## Problem to work on
Images aside, the whole listing should be written out word for word.

## Recorded information
========
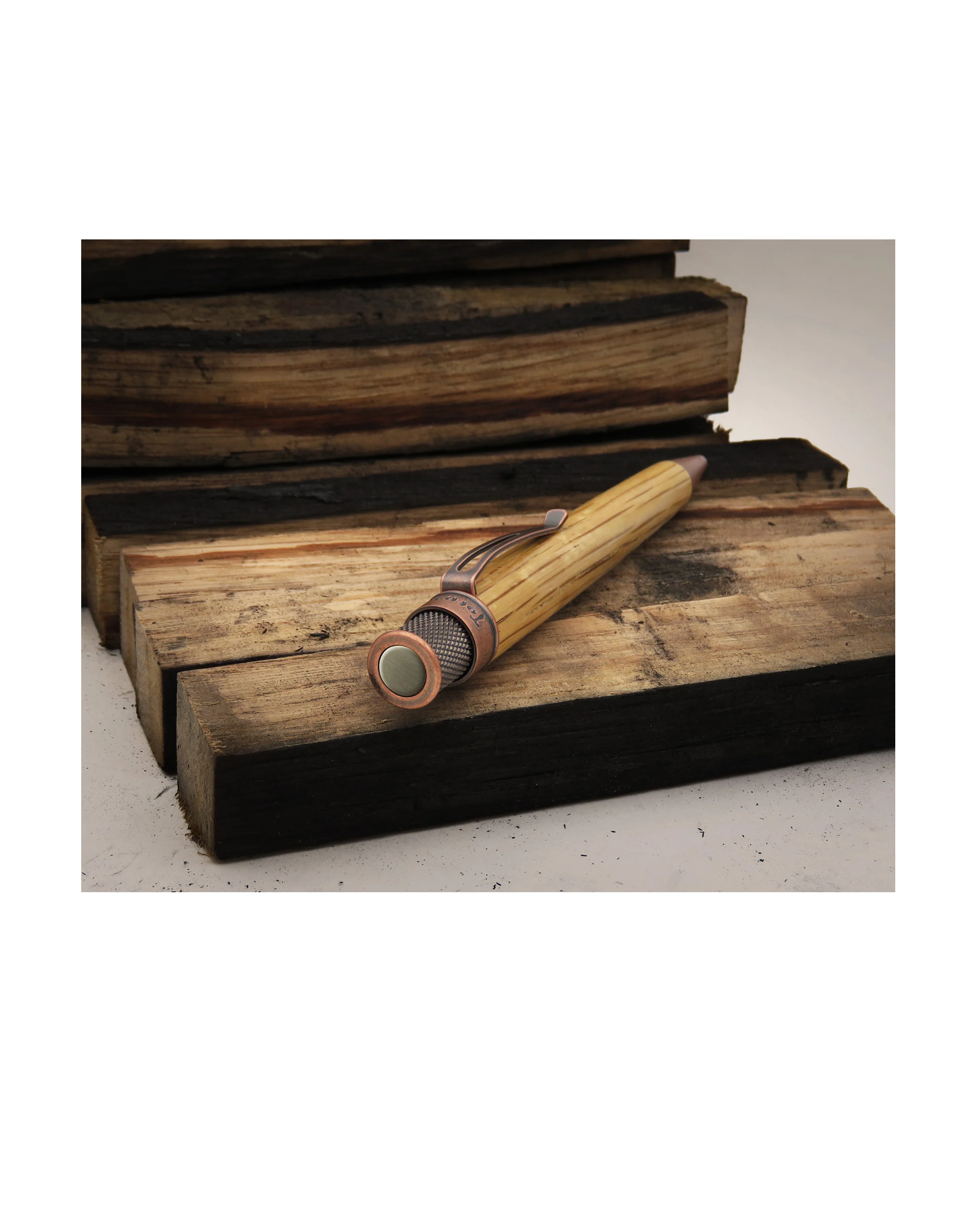 - reclaimed oak sourced from US distilleries and skillfully turned down into the pen barrels
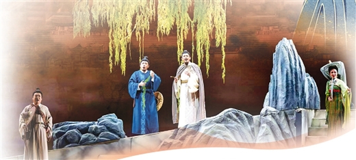 民族歌剧《柳柳州》中王良(左3)饰演柳宗元。(资料图片)
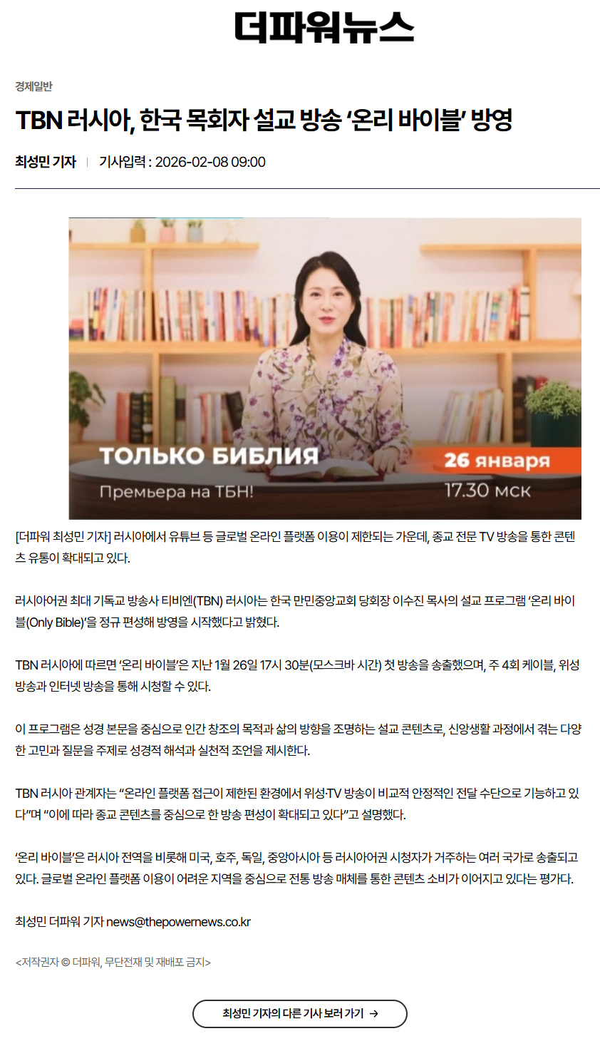 TBN ·¯½Ã¾Æ, Çѱ¹ ¸ñȸÀÚ ¼³±³ ¹æ¼Û '¿Â¸®
========
## Reply to the exercise
 - reclaimed oak sourced from US distilleries and skillfully turned down into the pen barrels
 民族歌剧《柳柳州》中王良(左3)饰演柳宗元。(资料图片)
 TBN ·¯½Ã¾Æ, Çѱ¹ ¸ñȸÀÚ ¼³±³ ¹æ¼Û '¿Â¸®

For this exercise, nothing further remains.